GST on Purchase & Sale of Second Hand Goods Margin Scheme: There is definitely a requirement to defines the rules for the purchase and sale of second-hand goods. For example, a car is purchased by Mr. Khanna for Rs. 15 lakhs, and it comprises a GST amount of Rs.4.2 lakhs. Now, if he resells it after four years for Rs. 6 lakhs, then if GST is imposed on such Rs. 4.2 lakh, then it leads to double taxation.
Thus, the Margin scheme is made available by the government to handle such circumstances.
Margin scheme under GST benefits in avoiding double taxation on the supply of goods that already taxed. Under the Margin Scheme, the seller or the supplier of the goods can calculate the difference between the value of the purchase value of the goods received by the customer and supplied seller.
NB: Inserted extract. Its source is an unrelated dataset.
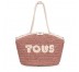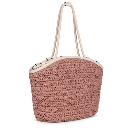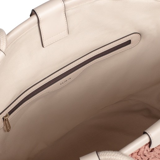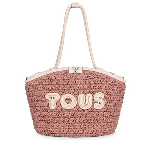 Bolso Capazo Tous de la colección Craft de papel natural trenzado en color rosa y beige con elementos de poliuretano efecto piel y la parte interior de algodón. Cierre con boton magnetico, asas de hombro. Capazo cuenta con un bolsillo interior con cremallera. Medidas: 46 x 30 x 15, 5 cm.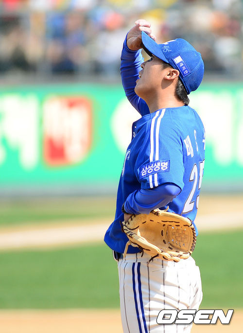 28일 오후 광주 무등야구장에서 열린 2013 한국야쿠르트 세븐프로야구 KIA 타이거즈와 삼성 라이온즈의 경기, 5회말 1사에서 삼성 배영수가 KIA 홍재호에게 좌전 안타를 허용하고 아쉬워하고 있다.

Typically, as per valuation rules, GST is imposed on the original transaction value of the supply of the goods. However, regarding second-hand goods, an individual dealing in such goods may be permitted to pay tax on the margin. If there is no margin, then on such a transaction, there will be no imposed payable GST. This is the base of the GST margin scheme.
The scheme’s main objective is to evade double taxation as the goods that once borne the incidence of tax usually re-enter India’s supply and economic supply chain.
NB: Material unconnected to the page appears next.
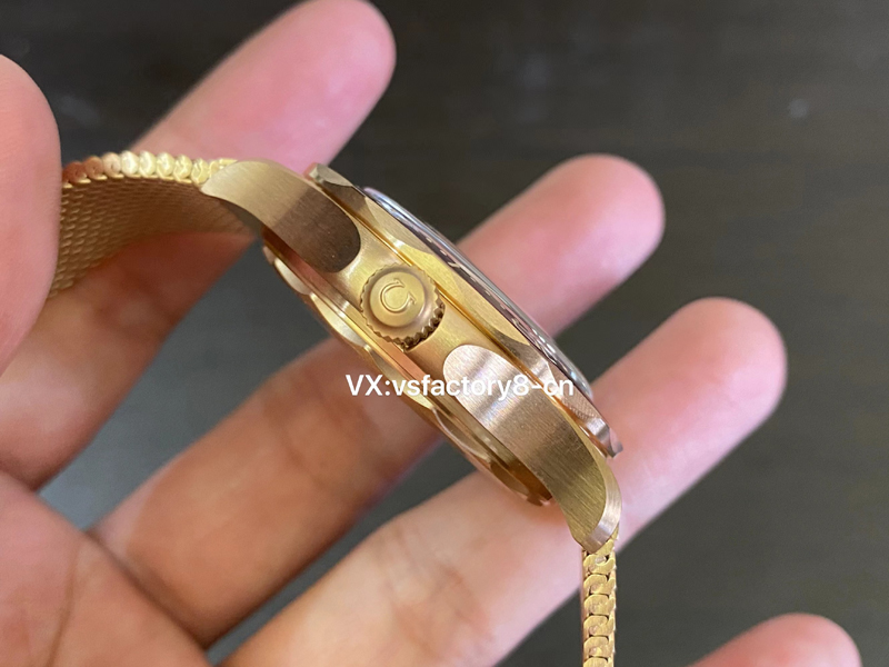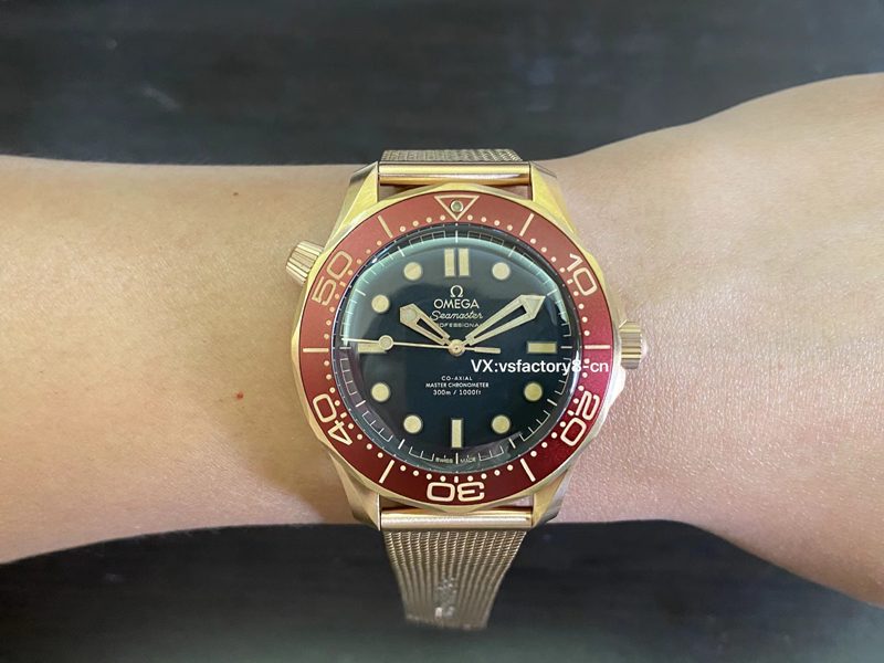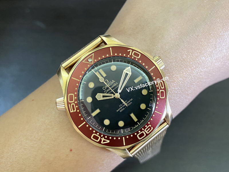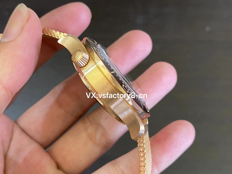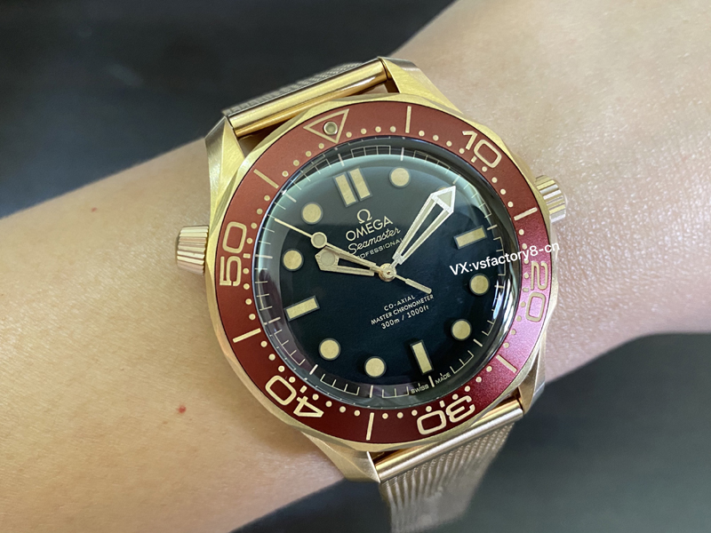 在外觀處理上,VS廠歐米茄海馬300米青銅金,整表全部拉絲。

Such a scheme is relevant only when there is minor processing or no change in the goods. Such a scheme can-not be applied if there is a variation in the nature of goods. GST applies to the whole amount only when there is a change in nature.
For example, a jeweller purchases a gold chain and then melts it to make a ring, then tax is imposed on the whole amount, not on the margin amount.
It will be ignored only if the sales price less purchase price is negative. For example, if a dealer purchases two cars, in which he earns a profit of Rs. 60,000 in one and cause a loss of Rs. 30,000 on the second one. The dealer, in such a case, has to pay tax on Rs. 60,000 only.
The same shall be part of the margin and added to the value of goods in case of any other added value through refurbishing, repair, reconditioning, etc.
If the second-hand dealer is not selling or purchasing goods but acting as an agent to find the buyer for a seller, then such scheme will be in-applicable to such dealer. The rate of 18% GST is applicable on the received commission by the dealer, either from the buyer or from the seller.
If a dealer from another registered dealer purchases second-hand goods, GST is secured by the selling dealer. As per standard ITC rules, the GST paid by purchasing dealer is allowed as an input tax credit to the individual.
The dealer selling the particular good is required to pay GST, not on the total value, instead of on the margin amount.
The dealer is payable for the tax on his margin only if the person is selling the second-hand goods to a customer. GST amount and GST rate are to be presented in the invoice. Therefore, the margin amount of the seller can be determined from the purchase of goods. And for obvious reasons, no seller wants to let the purchaser know his margin.
In Repossession Case, Value of Purchase From Defaulting Borrower
The purchase price (of second-hand goods dealer) will be calculated as Original Purchase price less five percentage points for every quarter or part in the case of goods that are repossessed from the defaulting borrower.
The GST rates to be implemented to used goods would be the same as if they were new goods since there is no distinction between new goods and second-hand goods under GST Law. For example, if a 28% GST rate is relevant on a car, then on the selling of the second-hand car, also 28% GST rate is applicable.